San Benito County Express
- Parent: Council of San Benito County Governments (SBCOG)
- Founded: 1975 / 1990
- Headquarters: 330 Tres Pinos Rd Ste C7
- Locale: Hollister, CA
- Service type: Bus service, Dial-a-Ride
- Routes: 3
- Annual ridership: 31,487 (2021)
- Website: Official website

= San Benito County Transit =

Transportation in California, United States

The San Benito County Local Transportation Authority (LTA) is the public transportation agency of San Benito County, California, immediately south of Silicon Valley (Santa Clara County). LTA provides fixed route inter-county and intra-city service as San Benito County Express; the Intracounty routes connect destinations in Hollister and San Juan Bautista to Gilroy in Santa Clara County, while the Tripper routes connect destinations within Hollister. LTA also provides demand-responsive dial-a-ride service within selected areas of northern San Benito County as County Express On-Demand.

==History==
The first public transit agency in San Benito County was named San Tran, which was operated by the City of Hollister from March 1975 to March 1990. In June 1990, the San Benito County Local Transportation Authority (LTA) was created as a joint powers agency by the county and the two incorporated cities, Hollister and San Juan Bautista.

==Transportation Services==
Bus service is exclusive to northern San Benito County, where the LTA operates and administers County Express, providing fixed-route local bus service in the city of Hollister; regional fixed-route bus service between Hollister, San Juan Bautista, and Gilroy; and dial-a-ride service in northern San Benito County.

===Fixed routes===
County Express offers Intercounty routes that connect Hollister and San Juan Bautista to Gilroy, where riders may transfer to Caltrain, Santa Clara Valley Transportation Authority, Monterey-Salinas Transit, or Greyhound Buses.
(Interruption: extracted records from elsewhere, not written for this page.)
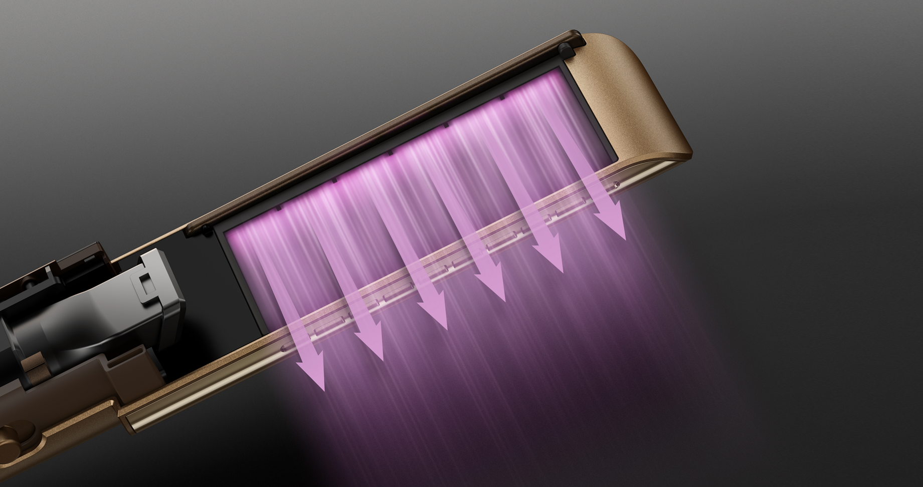 Внутри устройства расположена камера с 6 отверстиями и 5 зонами воздушного потока, обеспечивающая равномерное распределение тепла. Поток воздуха направляется по специальным каналам, выпрямляя волосы с минимальным контактом с нагревательными пластинами. Это делает укладку бережной и эффективной одновременно.
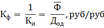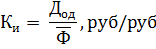 Обобщающая оценка использования ОПФ осуществляется на основе стоимостных показателей, к которым относится фондоотдача (Ки), характеризующая величину доходов, приходящуюся на рубль стоимости ОПФ:
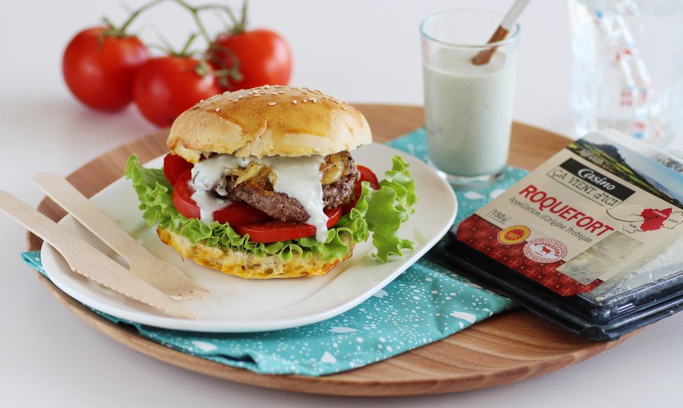 Couper les buns en deux puis les garnir de salade, de rondelles de tomate, de steaks hachés et d'oignons. Napper de sauce au roquefort et déguster sans attendre.
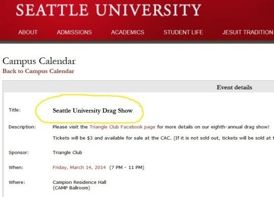 Preparations for the "Seattle University Drag Show" are underway, according to the Catholic institution's web site. The March 14 event will be the 8th "drag show" on this campus which has thus distanced itself from the ideals of St. Ignatius of Loyola yet still considers itself a Catholic university.
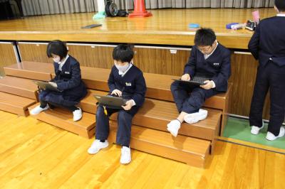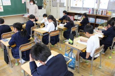 5年生は、卒業生に向けての「別れのことば」と歌の練習です。
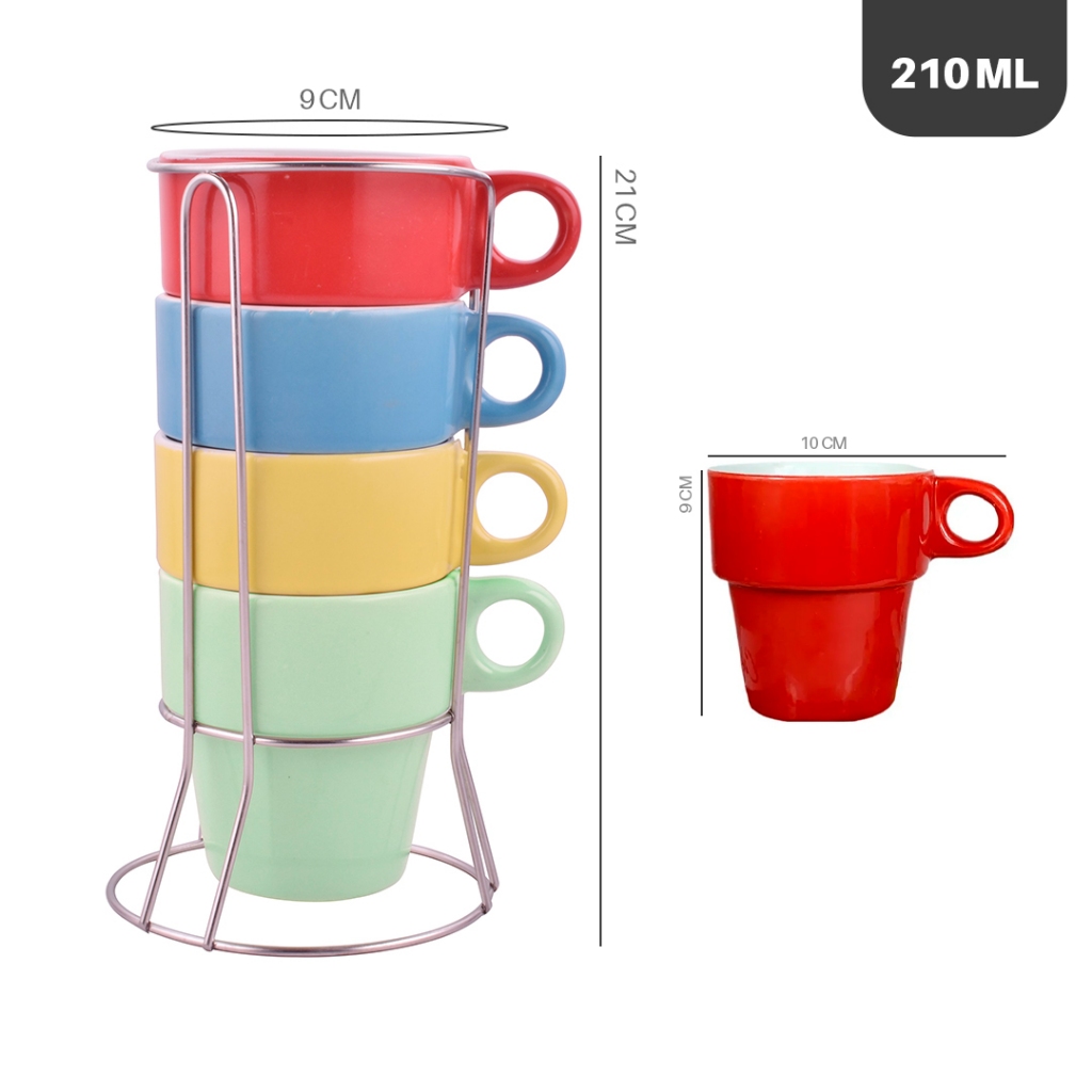 Kit 4 Xícaras 210ml Coloridas Empilháveis com Suporte Metálico Cerâmica Arco-Íris
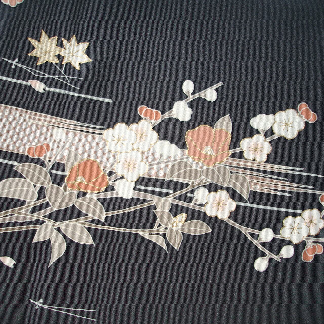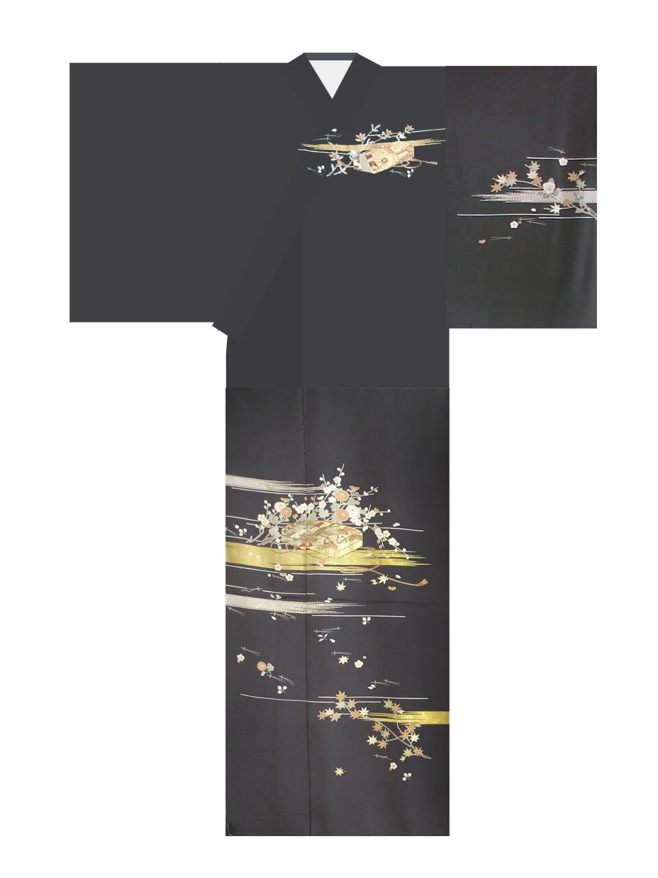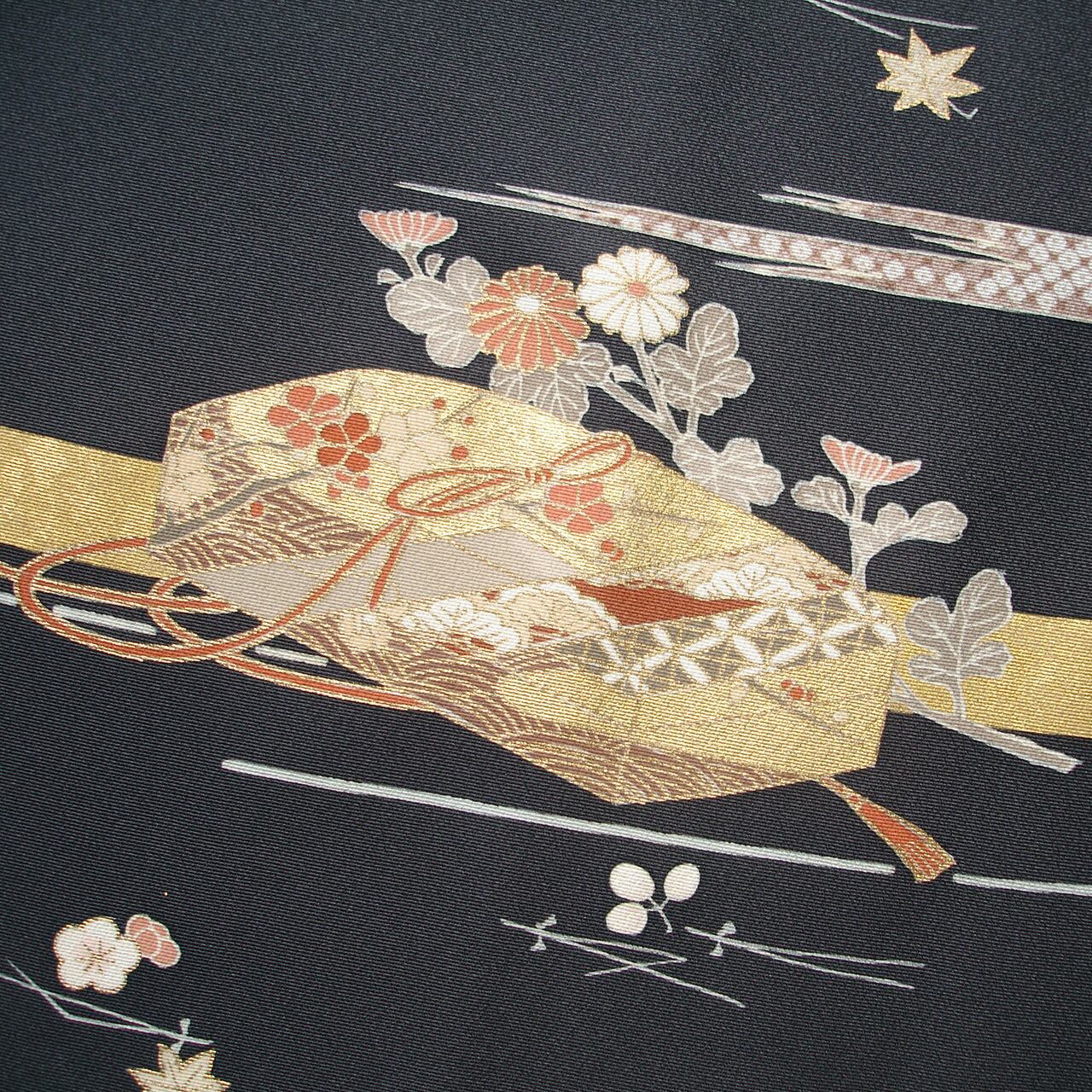 訪問着 文箱 紺鼠 手描友禅 正絹
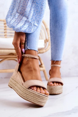 Zamszowe Sandałki Na Koturnie Beżowe Louisiana
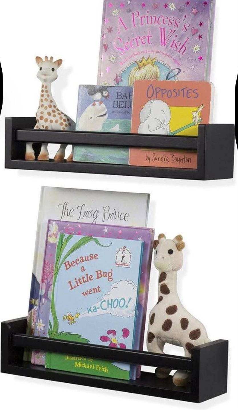 Adorable set of two small floating shelves. Perfect for a child's room or small space. Black finish. Measures approximately 15.7" wide x 4" high x 3.6" deep. Sturdy construction. Easy to install. Great for displaying books, toys, or small decor.
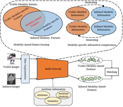 图1.可见光-红外图像跨模态行人重识别(VI-ReID)模型基础框架
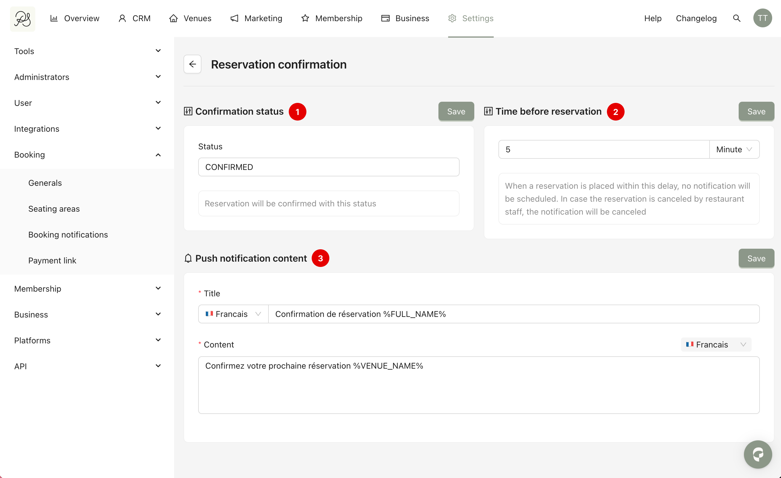 Time before reservation (2): This defines how long before the reservation date the push notification is sent. If a reservation is created within this delay period, no confirmation notification will be scheduled. If the reservation is cancelled by the venue before the scheduled time, the confirmation notification will also be cancelled.
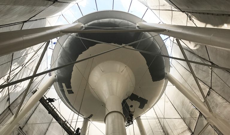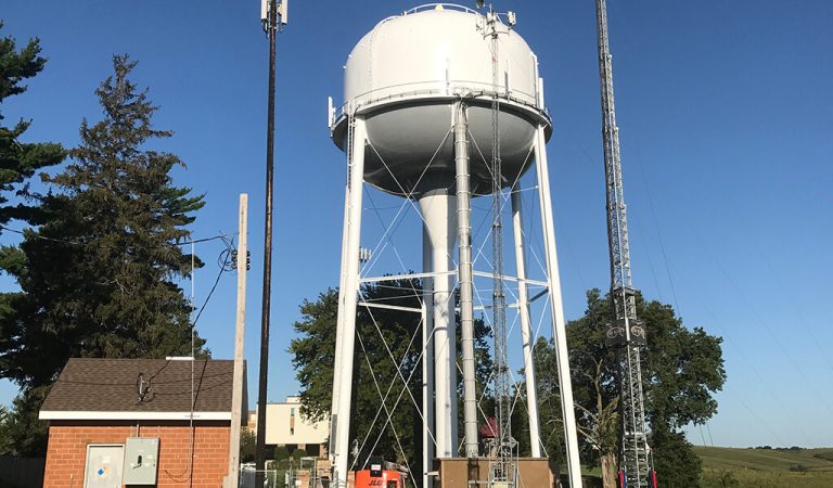Another service our team provided for the community was rehabilitating the town’s water tower. More than just performing general maintenance on the steel and coordinating the paint application, as the municipal engineer for the community, we also investigated environmental concerns (presence of asbestos) and other issues that must be dealt with before paint could be applied. We also coordinated the temporary relocation of aerial antennas on the tower during the rehabilitation project. This process also included close collaboration and input from the community in selecting the paint color, logo location, and other aesthetic features that affected the final design.
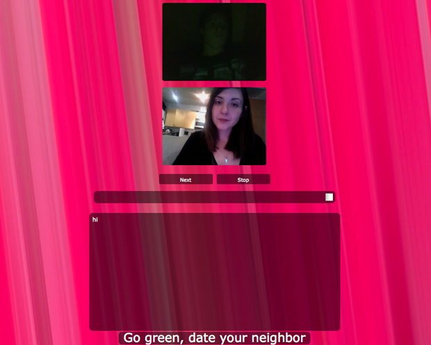 After following a cryptic tweet from the @Chatroulette Twitter account (“chatroulette is back ! a new face chatroulette.com”) down a rabbit hole, I discovered that you can now change your background on Chatroulette while you chat. In my brief foray, I’ve seen everything from Greek mythology-theme to rainbow hyper-color to sunburst to paisley to the hot pink we’ve got going on above.
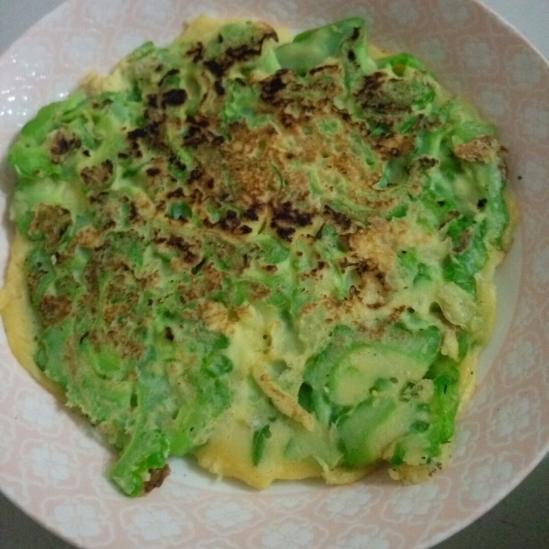 早餐鸡蛋苦瓜饼,脆脆的,一点都尝不到苦味,苦瓜新吃法。😍
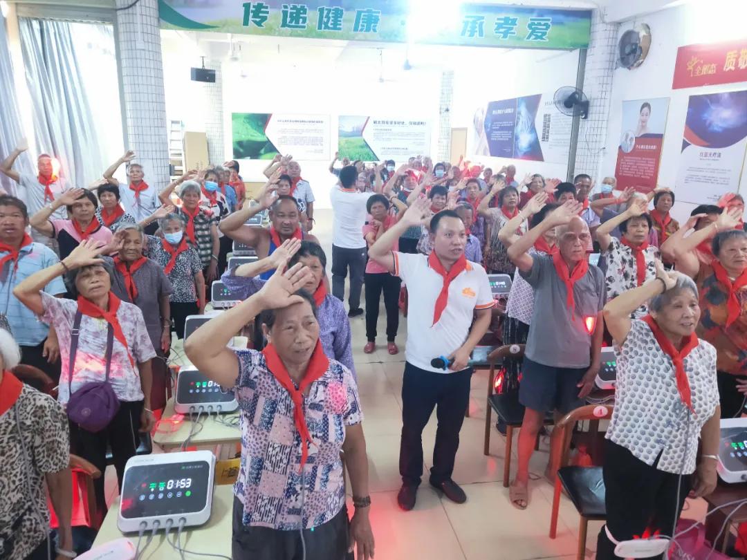 阳春智慧健康e家 带领顾客宣誓:永葆童心,智慧生活,我宣誓争做一位健康快乐的“老顽童”,为健康中国加油,为太阳成集团tyc7111cc智慧健康行动计划助力,快乐起来、健康起来、幸福起来!
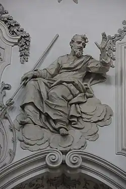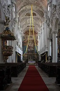 Meisterwerke der barocken Stuckierung sind die zwölf um 1720 von Zimmermann geschaffenen Apostel. Sie sind über den Arkadenbögen auf Wolkenbänken schwebend dargestellt und zeichnen sich durch lebendige, individuelle Charakterisierung aus.
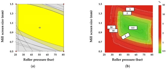 The optimization conditions of the response factors for the roller compaction process were as follows: optimal range of intrinsic dissolution rate (0.0014–0.01847 μg/min/mm2); optimal range of D50 (61.04–68.08 μm); optimal range of a granule size D90 (400–1200 μm); optimal range of D(3,2) (33.2.95.4 μm); optimal range of granule strength (0.0096–0.296 N∙sec); optimal range of dissolution at 5 min (37.5–64.28%); optimal range of dissolution at 10 min (57.43–82.10%). The ribbon density, bulk density, tapped density, granule size D10, granule size(3,2), granule size(4,3), granule uniformity, tablet C.U., dissolution at 15, 30, 45, and 60 min, and contact angle results satisfied both the upper and lower limits of the target value and were excluded from the design space. The response factors were combined to produce a design space with a 95% confidence interval. Figure 2a shows the design space for roller compaction. The yellow area represents the 95% confidence interval. To evaluate the robustness of the design space and the risk of uncertainty in model predictions, a Monte Carlo simulation was conducted using the MODDE® software (Sartorius Stedim Biotech., version 12.0.1, Umeå, Sweden). Figure 2b shows the results of the Monte Carlo simulation with the probability of failure. The green area represents a quality certainty of 99.9%, which suggests a 0.1% probability of failure. In contrast, the red area represents a higher probability of failure. As a result, roller pressure had 99.9% quality certainty in an approximate 45–85 bar range and the mill screen size in an approximate 0.7–1.3 mm range when the roller gap was fixed at 1.8 mm.
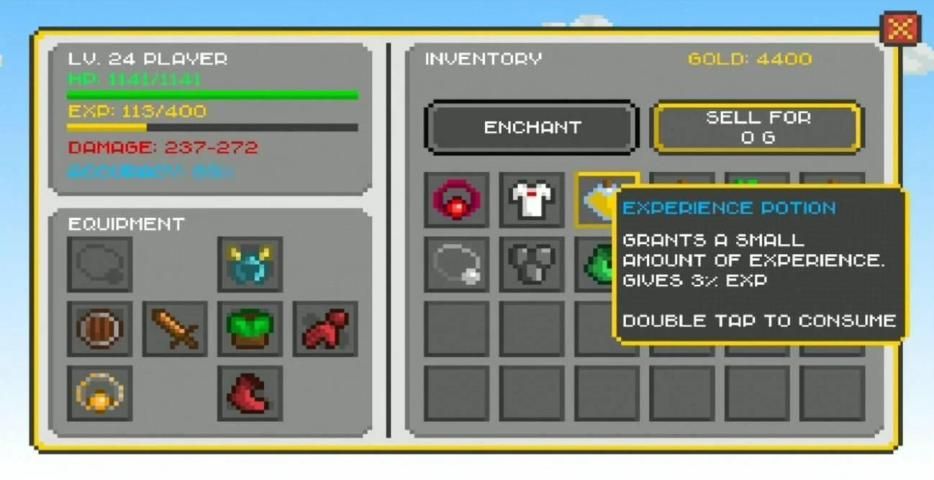 Anda meningkatkan level pemain dengan mendapatkan pengalaman dari mengalahkan monster tetapi Anda juga dapat membeli item khusus untuk meningkatkan XP. Saat permainan berlangsung, monster akan menjadi lebih kuat.
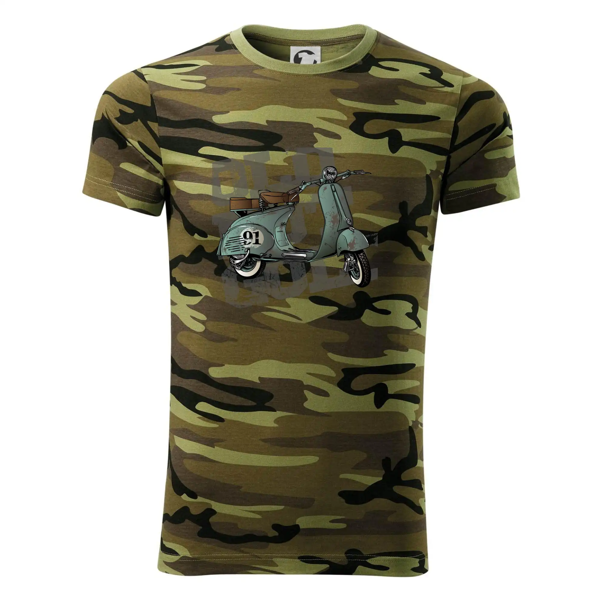 Tričko strednej gramáže vo farbách camouflage. Strih s bočnými švami. Lem priekrčníku z rebrového úpletu s prídavkom 5% elastanu. Vnútorná časť zadného priekrčníka začistená páskou vo farbe camouflage.
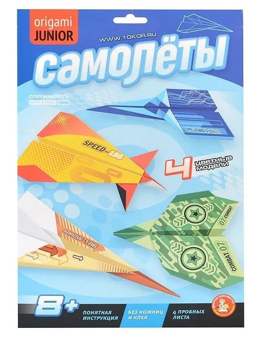 Оригами "Самолеты", 4 цветные модели 8 + лет
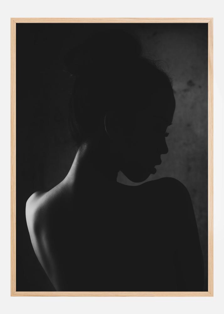 En mystisk portrett-plakat med en ung kvinne med ryggen vendt mot kameraet. Opplyst fra venstre side, er skulderen hennes fremhevet i en hvit glød, mens resten av henne faller i skyggen. Med delte lepper, vrir hun på hodet for å se tilbake på deg over skulderen sin i dette sensuelle bildet.

The traditional commute direction is north to Gilroy; buses depart from Vets Park in Hollister, traveling through downtown Hollister along California State Route 156 to San Juan Bautista, stopping at Abbe Park and Anzar High School, then continuing north along U.S. 101 to Gilroy. At Gilroy, one of three terminal stops is made:
1. Caltrain service during peak weekday commute periods, stopping at Gilroy station for Caltrain and VTA transfers.
2. Greyhound service on weekends, stopping at the Greyhound bus depot in Gilroy.
3. Gavilan College service on weekdays, stopping at the main campus of Gavilan College for VTA transfers.
Some weekday trips (Caltrain and Gavilan College service) bypass San Juan Bautista by traveling on SR 25. All trips that stop at Gavilan College continue on to the Caltrain depot.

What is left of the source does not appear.